**Brief**
Across the whole listing, copy out every line that includes the string "situation".

**Data**

◇ ◇ ◇ ◇ ◇ ◇ ◇

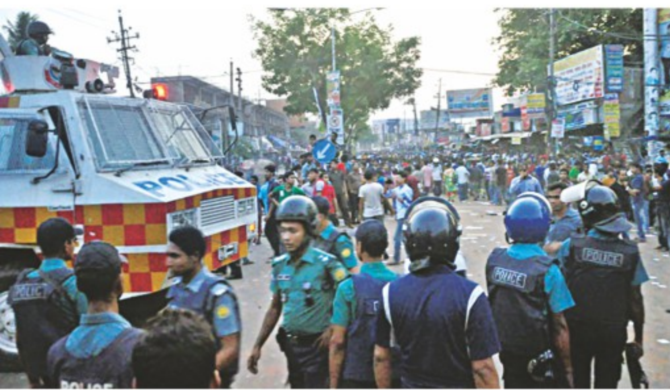
Books of street vendors at Nilkhet in the capital burn during a clash between the shopkeepers and students of Dhaka University yesterday. The clash ensued after a shop owner beat up a student of the university during an altercation over returning of a book. Inset , police with a riot car trying to control the situation.
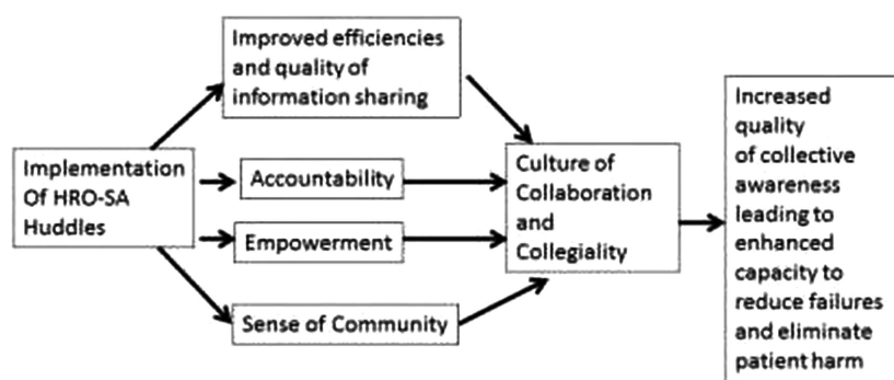
Figure 2 Proposed model of how emerging themes/concepts might work together to improve collective awareness, reduce failures and improve patient care. HRO, high-reliability organisation; SA, situation awareness.

The construct of empowerment has been defined in many ways, depending on the context in which it is

◇ ◇ ◇ ◇ ◇ ◇ ◇

**Written answer**
Books of street vendors at Nilkhet in the capital burn during a clash between the shopkeepers and students of Dhaka University yesterday. The clash ensued after a shop owner beat up a student of the university during an altercation over returning of a book. Inset , police with a riot car trying to control the situation.
Figure 2 Proposed model of how emerging themes/concepts might work together to improve collective awareness, reduce failures and improve patient care. HRO, high-reliability organisation; SA, situation awareness.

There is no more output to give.